## Source records
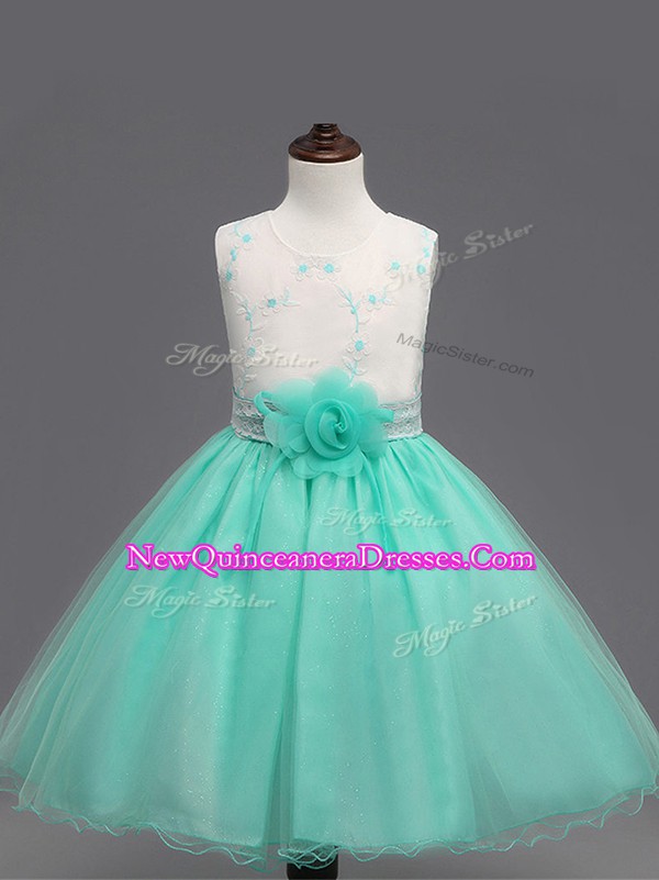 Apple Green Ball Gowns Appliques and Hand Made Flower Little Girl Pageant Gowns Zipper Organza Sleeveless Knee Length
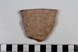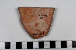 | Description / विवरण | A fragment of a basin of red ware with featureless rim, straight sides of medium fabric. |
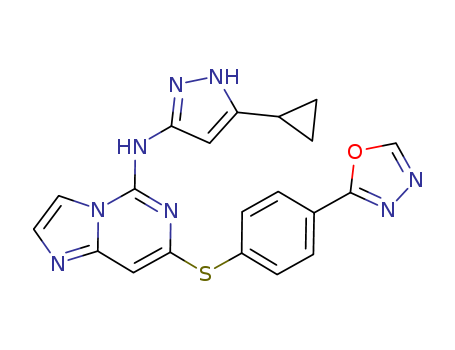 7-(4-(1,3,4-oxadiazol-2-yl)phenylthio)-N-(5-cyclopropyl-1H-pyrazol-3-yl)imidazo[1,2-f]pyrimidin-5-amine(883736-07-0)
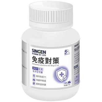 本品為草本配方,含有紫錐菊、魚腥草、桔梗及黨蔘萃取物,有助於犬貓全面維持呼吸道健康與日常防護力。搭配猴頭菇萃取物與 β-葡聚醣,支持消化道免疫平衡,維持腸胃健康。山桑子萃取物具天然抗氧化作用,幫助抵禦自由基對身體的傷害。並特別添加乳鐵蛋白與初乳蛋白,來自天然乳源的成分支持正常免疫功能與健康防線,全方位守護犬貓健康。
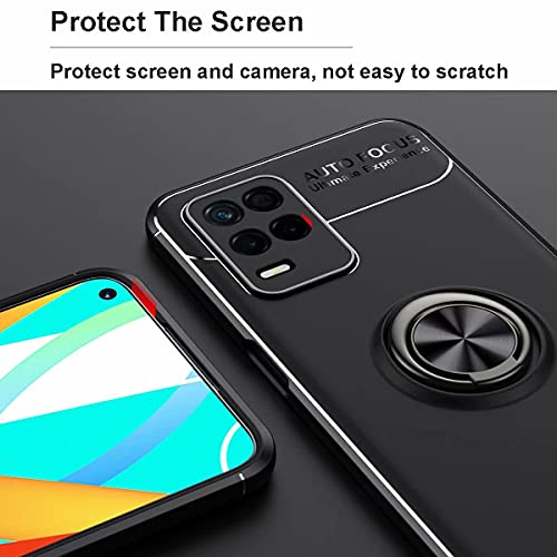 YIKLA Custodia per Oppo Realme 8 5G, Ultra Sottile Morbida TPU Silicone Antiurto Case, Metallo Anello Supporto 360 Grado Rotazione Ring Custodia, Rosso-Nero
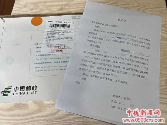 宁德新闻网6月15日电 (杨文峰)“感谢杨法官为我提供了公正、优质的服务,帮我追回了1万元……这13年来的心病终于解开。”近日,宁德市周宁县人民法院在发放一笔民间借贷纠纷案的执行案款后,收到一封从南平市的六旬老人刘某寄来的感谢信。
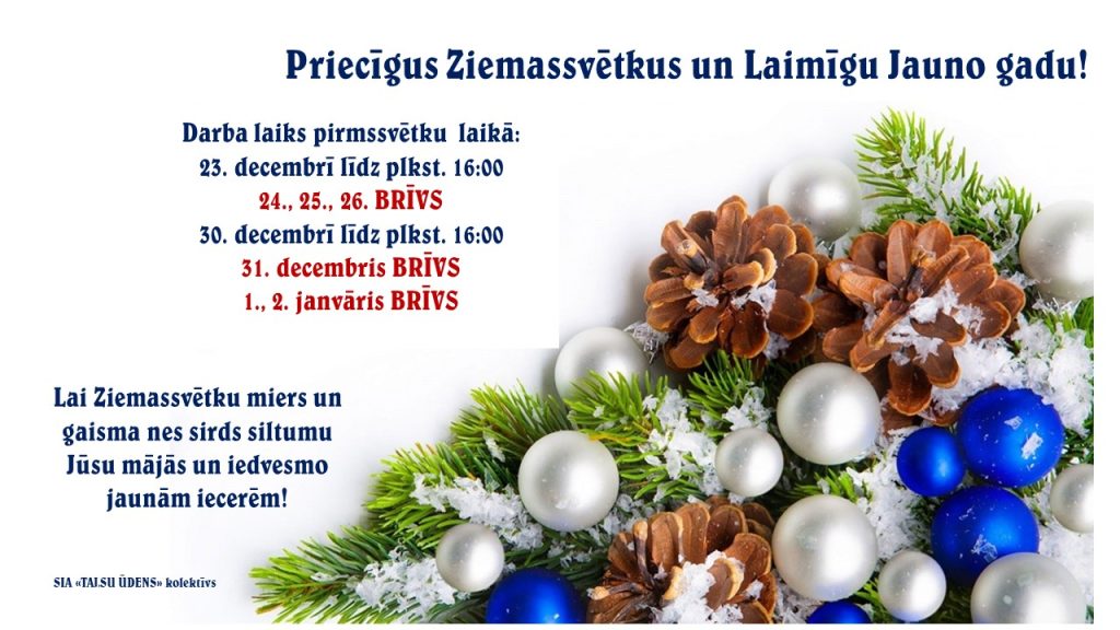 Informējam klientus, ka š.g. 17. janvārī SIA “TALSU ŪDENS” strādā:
* * *
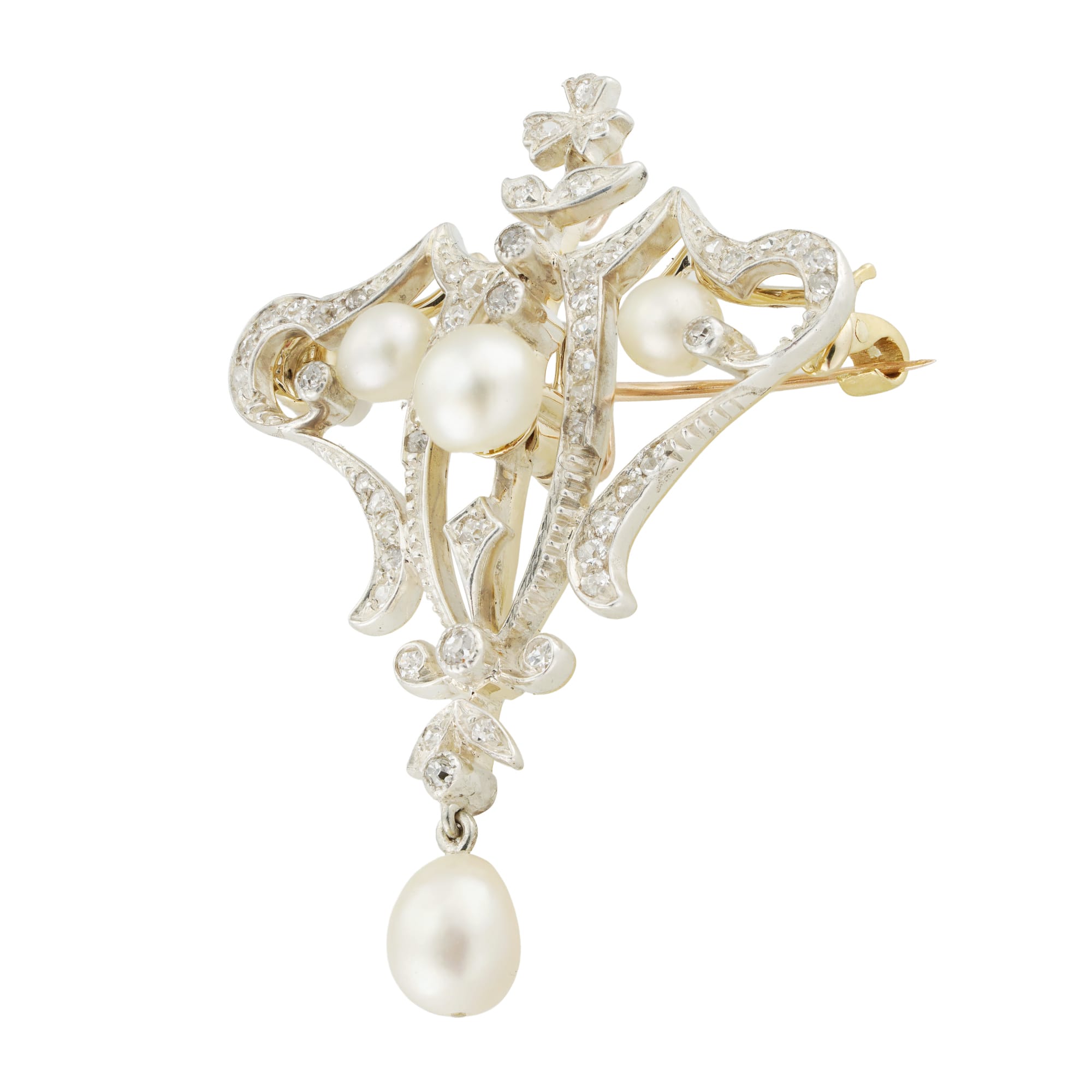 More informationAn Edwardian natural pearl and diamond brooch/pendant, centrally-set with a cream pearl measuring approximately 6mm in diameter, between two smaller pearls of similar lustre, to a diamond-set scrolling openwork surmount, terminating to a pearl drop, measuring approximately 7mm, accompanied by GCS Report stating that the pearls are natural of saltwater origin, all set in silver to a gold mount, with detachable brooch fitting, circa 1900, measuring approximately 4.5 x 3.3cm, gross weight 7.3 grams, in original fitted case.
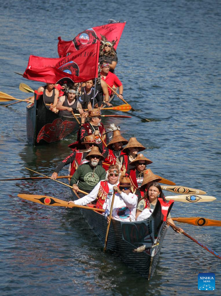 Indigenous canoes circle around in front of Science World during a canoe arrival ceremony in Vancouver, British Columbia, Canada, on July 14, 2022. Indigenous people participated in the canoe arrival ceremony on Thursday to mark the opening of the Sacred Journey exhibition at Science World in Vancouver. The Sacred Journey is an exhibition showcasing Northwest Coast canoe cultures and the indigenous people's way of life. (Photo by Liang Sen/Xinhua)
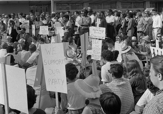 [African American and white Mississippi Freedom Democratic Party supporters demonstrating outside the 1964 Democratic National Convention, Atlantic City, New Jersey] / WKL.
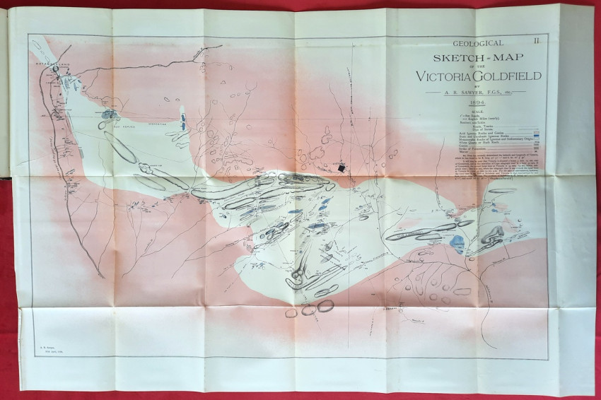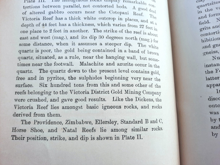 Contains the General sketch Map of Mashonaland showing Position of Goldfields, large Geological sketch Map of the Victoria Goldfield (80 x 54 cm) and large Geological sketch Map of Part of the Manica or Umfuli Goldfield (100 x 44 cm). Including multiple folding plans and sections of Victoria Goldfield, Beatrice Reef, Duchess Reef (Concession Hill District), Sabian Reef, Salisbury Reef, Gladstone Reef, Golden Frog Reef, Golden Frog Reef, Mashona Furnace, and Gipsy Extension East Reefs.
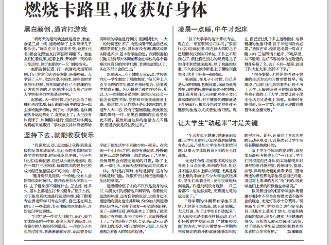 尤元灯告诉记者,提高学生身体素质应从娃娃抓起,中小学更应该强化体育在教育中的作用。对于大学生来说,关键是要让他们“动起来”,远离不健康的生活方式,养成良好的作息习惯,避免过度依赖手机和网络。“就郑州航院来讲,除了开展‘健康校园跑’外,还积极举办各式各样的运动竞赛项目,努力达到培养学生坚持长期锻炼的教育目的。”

## Exercise aim
Work from the entries above. Set down exactly and only the lines from the line with "Apple Green Ball" to the line with "Informējam klientus, ka", both included, and leave the pictures out.

## Result of this task
 Apple Green Ball Gowns Appliques and Hand Made Flower Little Girl Pageant Gowns Zipper Organza Sleeveless Knee Length
 | Description / विवरण | A fragment of a basin of red ware with featureless rim, straight sides of medium fabric. |
 7-(4-(1,3,4-oxadiazol-2-yl)phenylthio)-N-(5-cyclopropyl-1H-pyrazol-3-yl)imidazo[1,2-f]pyrimidin-5-amine(883736-07-0)
 本品為草本配方,含有紫錐菊、魚腥草、桔梗及黨蔘萃取物,有助於犬貓全面維持呼吸道健康與日常防護力。搭配猴頭菇萃取物與 β-葡聚醣,支持消化道免疫平衡,維持腸胃健康。山桑子萃取物具天然抗氧化作用,幫助抵禦自由基對身體的傷害。並特別添加乳鐵蛋白與初乳蛋白,來自天然乳源的成分支持正常免疫功能與健康防線,全方位守護犬貓健康。
 YIKLA Custodia per Oppo Realme 8 5G, Ultra Sottile Morbida TPU Silicone Antiurto Case, Metallo Anello Supporto 360 Grado Rotazione Ring Custodia, Rosso-Nero
 宁德新闻网6月15日电 (杨文峰)“感谢杨法官为我提供了公正、优质的服务,帮我追回了1万元……这13年来的心病终于解开。”近日,宁德市周宁县人民法院在发放一笔民间借贷纠纷案的执行案款后,收到一封从南平市的六旬老人刘某寄来的感谢信。
 Informējam klientus, ka š.g. 17. janvārī SIA “TALSU ŪDENS” strādā:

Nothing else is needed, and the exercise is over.